Dasis Manchanayake

Personal information
- Full name: Subasinghe Manchanayake Appuhamilage Dasis Kaveeja Manchanayake
- Born: 8 October 2003 (age 22)
- Batting: Left-handed
- Bowling: Slow left arm orthodox

Domestic team information
- 2023-present: Tamil Union Cricket and Athletic Club
- Source: Cricinfo, 15 December 2023

= Dasis Manchanayake =

Sri Lankan cricketer

Subasinghe Manchanayake Appuhamilage Dasis Kaveeja Manchanayake (born 8 October 2003) is a Sri Lankan cricketer. He has played four first-class matches representing Tamil Union Cricket and Athletic Club.

== Biography ==
His father Tissa Manchanayake served as a mechanical engineer and also worked as a chief manager at People's Bank in Head Office. His father studied at the Bandaranayake Central College, Veyangoda. Dasis began his primary and secondary education at Royal College, Colombo. He began his interest in the sport of cricket at Royal College, Colombo. He was selected for training at the Royal College Cricket Academy at the age of eight.

== Career ==
In March 2020, he was selected to represent the first choice Royal College school cricket team for the 141st Battle of the Blues encounter and he scored a half-century in his debut big match. In January 2023, he scored a double century playing for Royal College against Gurukula College, Kelaniya in a match at the Under-19 Inter-Schools Division 1 Two-Day Cricket Tournament.

In March 2023, he scored a century and a half-century in the same school cricket match, which eventually came in the 144th Battle of the Blues encounter played between the two leading schools in Colombo, Royal College and S. Thomas' College, Mount Lavinia. He became the first Royal College captain to achieve the rare feat of scoring a century and a half-century in a same schools three-day cricket match and also became the first Royal College captain in 27 years to score a century in a big match. He was dismissed for 137 runs on the first day of the 144th Battle of the Blues match and became the 27th player from Royal College to have scored a century in the history of the Battle of the Blues. He captained his school side Royal College to a comfortable victory by a margin of 180 runs in their annual schools big match encounter over the rivals S. Thomas' College. He also stitched a crucial fifth wicket partnership worth 229 runs alongside Ramiru Perera in Royal College's first innings which turned out to be the point-of-difference in the context of the 144th Battle of the Blues Big Match encounter and it was also the highest ever fifth wicket partnership put on by a pair for Royal College. He also ended up the 2022–23 schools cricket season with an aggregate of over 1000 runs.

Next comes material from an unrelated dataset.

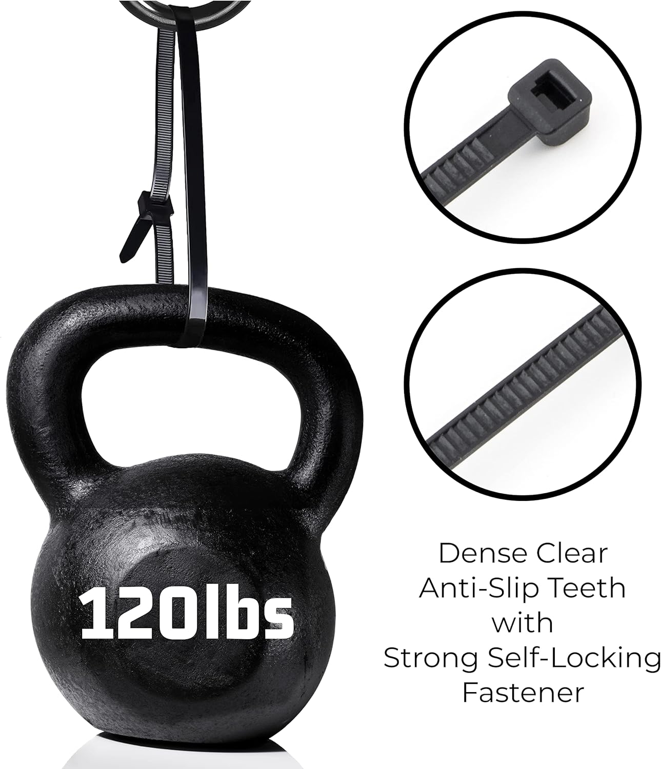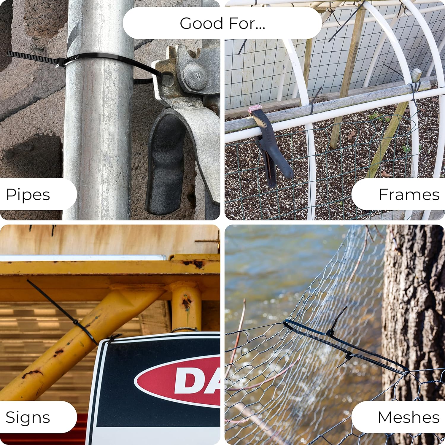 About this itemnEasily organize cables with our heavy-duty 12-inch black zip ties. Rest assured they won’t break even in extreme conditions, making them perfect for all your cable management needs.nDiscover the versatility of these zip-ties, suitable for both indoor and outdoor use. These are resistant to ice, rain, snow, heat, and direct sunlight with their heavy-duty outdoor capabilities.nOur cable ties are temperature-resistant from -31F to +195F (-35C to +90C). These exceptional ties excel in extreme cold and hot conditions while remaining weather and UV resistant.nCrafted from top-quality Nylon 66 material, these zip ties are built to last. Their superior strength sets them apart from the competition, making them the go-to choice for heavy-duty applications.nEach pack of Bolt Dropper Zip Ties contains 100 pieces, each measuring 12 inches in length. Made of UV-resistant Nylon 66, with tensile strength of 120lbs, a width of 7.6mm, and a thickness of 1.3mm.n See more product details

He made his first-class debut playing for Tamil Union Cricket and Athletic Club against Sri Lanka Police Sports Club on 7 July 2023 during the 2023 Major League Tournament. He scored century on his first-class debut while batting at number eight position, way down the order during Tamil Union's first innings total of 244. He also eventually top-scored for Tamil Union in the first innings by scoring 111 runs off 199 deliveries. He was clean bowled by first-class veteran spinner Malinda Pushpakumara, cheaply for five runs in the second innings of his debut test match.